■ **PROBLEM REQUIREMENTS**:
Locate, in the data below, the line that contains "A.超優惠多肉招牌麻辣雞煲雙人外帶套餐" and the line that contains "28일 기업 경영성과"; reproduce exactly those two lines and every line between them, nothing more.

■ **Records from a data source**:
----------

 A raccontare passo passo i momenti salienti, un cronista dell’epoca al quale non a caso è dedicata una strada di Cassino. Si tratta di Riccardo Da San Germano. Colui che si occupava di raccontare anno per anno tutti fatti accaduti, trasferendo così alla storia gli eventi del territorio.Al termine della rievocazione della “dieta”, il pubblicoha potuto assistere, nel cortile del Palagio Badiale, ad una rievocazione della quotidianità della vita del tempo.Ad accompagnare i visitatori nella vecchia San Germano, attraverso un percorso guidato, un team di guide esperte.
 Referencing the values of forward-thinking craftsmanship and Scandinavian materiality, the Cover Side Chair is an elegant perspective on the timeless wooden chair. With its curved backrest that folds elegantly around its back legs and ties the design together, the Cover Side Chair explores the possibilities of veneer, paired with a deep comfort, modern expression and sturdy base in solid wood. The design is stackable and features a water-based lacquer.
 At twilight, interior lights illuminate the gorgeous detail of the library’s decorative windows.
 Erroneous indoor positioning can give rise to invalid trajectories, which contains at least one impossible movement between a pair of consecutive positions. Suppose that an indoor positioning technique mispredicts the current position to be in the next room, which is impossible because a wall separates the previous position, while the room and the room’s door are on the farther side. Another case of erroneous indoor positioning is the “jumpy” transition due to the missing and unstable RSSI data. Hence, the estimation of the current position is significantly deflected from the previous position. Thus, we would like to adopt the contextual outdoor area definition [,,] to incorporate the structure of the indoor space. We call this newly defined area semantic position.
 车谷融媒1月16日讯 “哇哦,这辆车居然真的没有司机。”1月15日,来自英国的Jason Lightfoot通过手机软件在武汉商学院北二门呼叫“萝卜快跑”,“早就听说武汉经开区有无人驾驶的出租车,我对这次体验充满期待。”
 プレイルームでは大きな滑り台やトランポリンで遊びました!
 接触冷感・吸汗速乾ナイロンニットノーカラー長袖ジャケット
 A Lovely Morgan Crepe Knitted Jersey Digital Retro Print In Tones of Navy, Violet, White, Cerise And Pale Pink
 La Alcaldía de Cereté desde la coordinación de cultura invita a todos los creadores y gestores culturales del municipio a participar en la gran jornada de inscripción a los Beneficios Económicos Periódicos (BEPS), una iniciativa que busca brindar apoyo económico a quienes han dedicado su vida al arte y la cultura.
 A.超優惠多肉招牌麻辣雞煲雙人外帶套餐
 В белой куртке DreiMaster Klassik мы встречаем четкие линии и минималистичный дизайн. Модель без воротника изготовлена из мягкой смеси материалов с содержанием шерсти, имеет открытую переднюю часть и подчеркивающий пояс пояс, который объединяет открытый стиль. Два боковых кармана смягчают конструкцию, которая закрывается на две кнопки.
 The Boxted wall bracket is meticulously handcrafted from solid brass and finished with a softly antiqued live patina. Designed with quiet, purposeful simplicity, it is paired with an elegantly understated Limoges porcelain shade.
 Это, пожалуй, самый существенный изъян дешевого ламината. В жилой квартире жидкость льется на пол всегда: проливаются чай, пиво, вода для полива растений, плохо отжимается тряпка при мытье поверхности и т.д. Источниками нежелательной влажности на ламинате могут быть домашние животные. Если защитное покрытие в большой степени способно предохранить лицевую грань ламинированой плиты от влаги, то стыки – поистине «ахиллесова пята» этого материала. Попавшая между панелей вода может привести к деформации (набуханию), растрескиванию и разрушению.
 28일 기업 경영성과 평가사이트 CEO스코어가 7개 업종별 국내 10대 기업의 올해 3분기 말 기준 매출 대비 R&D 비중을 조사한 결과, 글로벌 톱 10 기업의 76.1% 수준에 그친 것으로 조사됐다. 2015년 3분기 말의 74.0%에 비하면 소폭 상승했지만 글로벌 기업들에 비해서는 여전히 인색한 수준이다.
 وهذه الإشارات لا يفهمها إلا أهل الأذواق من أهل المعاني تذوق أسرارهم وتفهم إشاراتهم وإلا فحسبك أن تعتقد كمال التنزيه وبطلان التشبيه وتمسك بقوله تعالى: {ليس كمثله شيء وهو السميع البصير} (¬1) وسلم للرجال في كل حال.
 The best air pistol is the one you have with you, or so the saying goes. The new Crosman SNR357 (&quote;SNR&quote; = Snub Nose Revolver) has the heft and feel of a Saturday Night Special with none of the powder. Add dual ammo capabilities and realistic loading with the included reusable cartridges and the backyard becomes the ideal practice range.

----------

■ **OUTPUT OF THE EXERCISE**:
 A.超優惠多肉招牌麻辣雞煲雙人外帶套餐
 В белой куртке DreiMaster Klassik мы встречаем четкие линии и минималистичный дизайн. Модель без воротника изготовлена из мягкой смеси материалов с содержанием шерсти, имеет открытую переднюю часть и подчеркивающий пояс пояс, который объединяет открытый стиль. Два боковых кармана смягчают конструкцию, которая закрывается на две кнопки.
 The Boxted wall bracket is meticulously handcrafted from solid brass and finished with a softly antiqued live patina. Designed with quiet, purposeful simplicity, it is paired with an elegantly understated Limoges porcelain shade.
 Это, пожалуй, самый существенный изъян дешевого ламината. В жилой квартире жидкость льется на пол всегда: проливаются чай, пиво, вода для полива растений, плохо отжимается тряпка при мытье поверхности и т.д. Источниками нежелательной влажности на ламинате могут быть домашние животные. Если защитное покрытие в большой степени способно предохранить лицевую грань ламинированой плиты от влаги, то стыки – поистине «ахиллесова пята» этого материала. Попавшая между панелей вода может привести к деформации (набуханию), растрескиванию и разрушению.
 28일 기업 경영성과 평가사이트 CEO스코어가 7개 업종별 국내 10대 기업의 올해 3분기 말 기준 매출 대비 R&D 비중을 조사한 결과, 글로벌 톱 10 기업의 76.1% 수준에 그친 것으로 조사됐다. 2015년 3분기 말의 74.0%에 비하면 소폭 상승했지만 글로벌 기업들에 비해서는 여전히 인색한 수준이다.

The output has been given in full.